Mahsa Amini est morte parce que son bouclier n’a pas été placé correctement. Une mèche de cheveux. Son crime : une mèche de cheveux. C’est pendant ce court laps de temps qu’il est mort. Voilà, c’est pour cette raison que j’essaie de comprendre mais que je n’y arrive pas, trente-six ans plus tard, cinquante ans plus tard, cent ans plus tard, je ne comprends pas. Mon cerveau ne veut pas comprendre un monde qui a un lien originel. Dès lors, je retiens toujours ces mots, « l’écran n’est pas installé », jusqu’à l’insomnie, jusqu’à la nausée dans mon bureau, j’ai les yeux blancs ouverts : c’est sur qu’il est protégé. Je me lève, je tourne en rond, je répète cette phrase. Hé, je ne suis pas à Paris. Je ne suis pas en France. J’étais à Téhéran et mon bouclier était bien mis, je suis entré dans le fourgon de la police culturelle, du leader islamique, j’ai été battu, j’ai reçu des coups violents sur la tête, j’ai eu une blessure crânienne, une hémorragie, je meurs. est entré dans mon corps et m’a emporté. Mais ce n’est pas vrai, je ne suis pas Mahsa Amini. Je ne pleure pas, pleure, pleure, je ne serai jamais cette femme dont la vie ne tient qu’à une mèche de cheveux. Je ne serai jamais cette femme où il est écrit d’une main invisible sur le côté de sa vie : toi, Mahsa Amini, tu mourras à 22 ans car tes cheveux sont laissés pour compte.

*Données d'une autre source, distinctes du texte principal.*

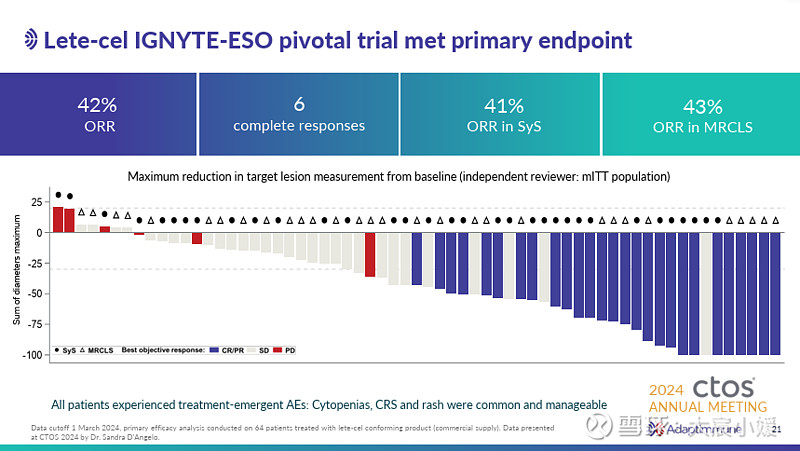 虽然处境艰难,但是Adaptimmune仍然相信其第二款靶向NYESO的TCR-T细胞疗法Late-cel,预计将在2026年上市获批,用于滑膜肉瘤的治疗,有可能改善公司财务环境。
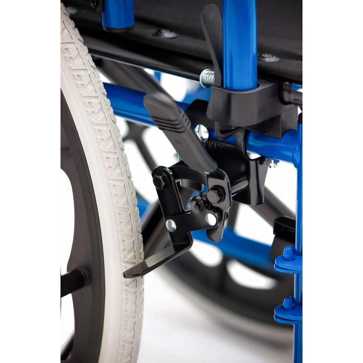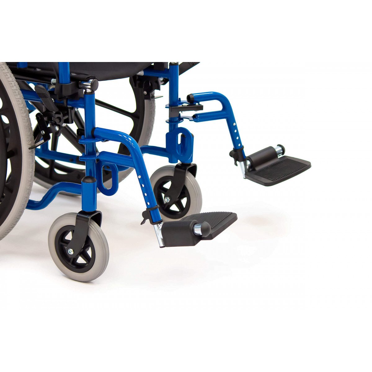 Сиденье и спинка выполнены из прочного нейлона, который устойчив к износу и прост в уходе. Литые колёса не требуют обслуживания и обеспечивают надёжность в ежедневном использовании. Для безопасной остановки предусмотрены боковые стояночные тормоза.
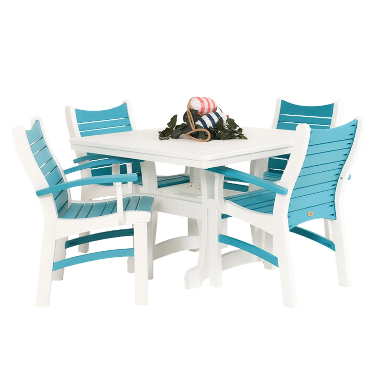 This modern design is contoured for comfort and built for durability, the Bayshore dining set is the perfect addition to your space – available in dining, counter and bar height. Customize it to your unique style with the many color options. Bayshore is crafted from post-consumer recycled plastic and super corrosion-resistant chromium-plated stainless steel hardware. With that combination, you have beautiful furniture made to last and easy to care for. American durability and American quality from start to finish. 100% Designed and Manufactured in the USA.
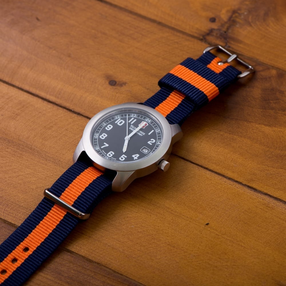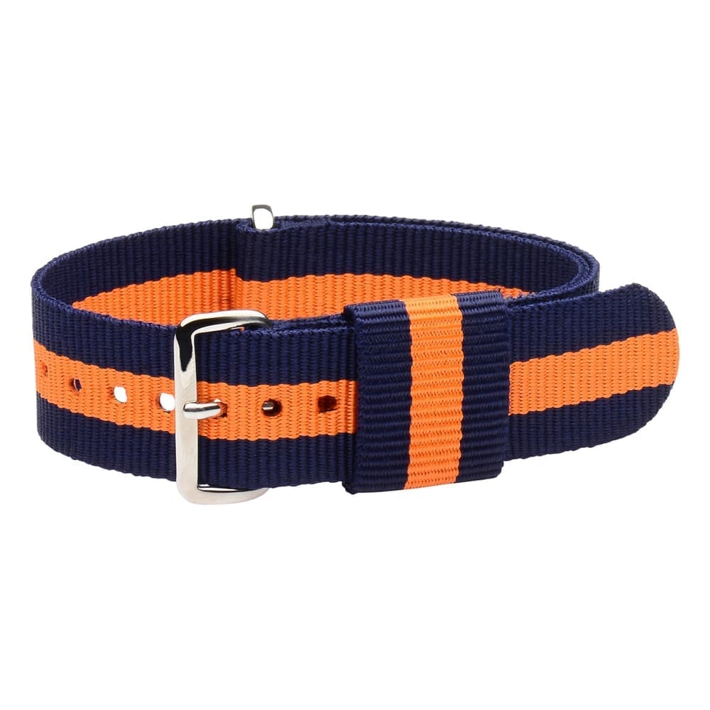 This is a Navy & Orange RAF Ballistic Watch Strap available in multiple sizes. Crafted with high-quality nylon for a secure, comfortable attachment. The buckle is made from authentic stainless steel. The RAF Ballistic strap has an additional fixed nylon keeper for attachment to watch face.

Je suis aussi coupable que tous les losers du monde qui pensent que la vie de ma mère n’était pas la nôtre. Cette pensée me tient à cœur. J’étais aussi coupable que n’importe quel survivant d’une catastrophe. Pourquoi est-il mort pour sa propre défense et pourquoi sommes-nous vivants dans cette mauvaise défense ?

Je culpabilise car je vis, en bonne santé, libre en France. J’essaie de me convaincre du contraire, de me mettre à la place de toutes les femmes iraniennes contre le risque de leur vie, mais ça ne marche pas, ça ne prend pas. Personne n’a triché.

Je veux que la police dise à Mahsa : tu as une arme sur toi, tu veux tuer le chef suprême, on t’embarque.

Je veux que la police lui dise : tu as essayé de commettre un attentat, on t’embarque. Mais le gouvernement islamique iranien ne dit pas cela.

Il a dit : votre bouclier est allumé, ils vous prennent à bord, ils vous frappent, ils vous tuent.

Il a dit : protégez les droits des femmes et des prisonniers, nous vous embarquons, nous vous battons et nous vous emprisonnons (1).

Il a dit : tu as pris des photos devant la prison de Téhéran, ils t’ont embarqué, torturé, torturé, ils t’ont tué (2).

Il a dit : tu as donné des fleurs au train sans ta protection pour exiger un peu de liberté, nous t’avons embarqué et emprisonné (3).

Il a dit : tu as dansé et tu t’es fait danser, ils t’ont monté et descendu (4).

Il a dit : quand tu témoignes sur le choc de la justice, on te tire dessus pour te tuer (5).

Il a dit : tu es une femme et ta vie n’est rien, nous avons tous les droits sur toi.

Tu n’initieras pas nos pensées, nos luttes, notre soif de justice et de liberté. Quand l’un de nous est condamné au silence, des millions d’autres se mettent à chanter, danser, crier, se battre, manifester, écrire.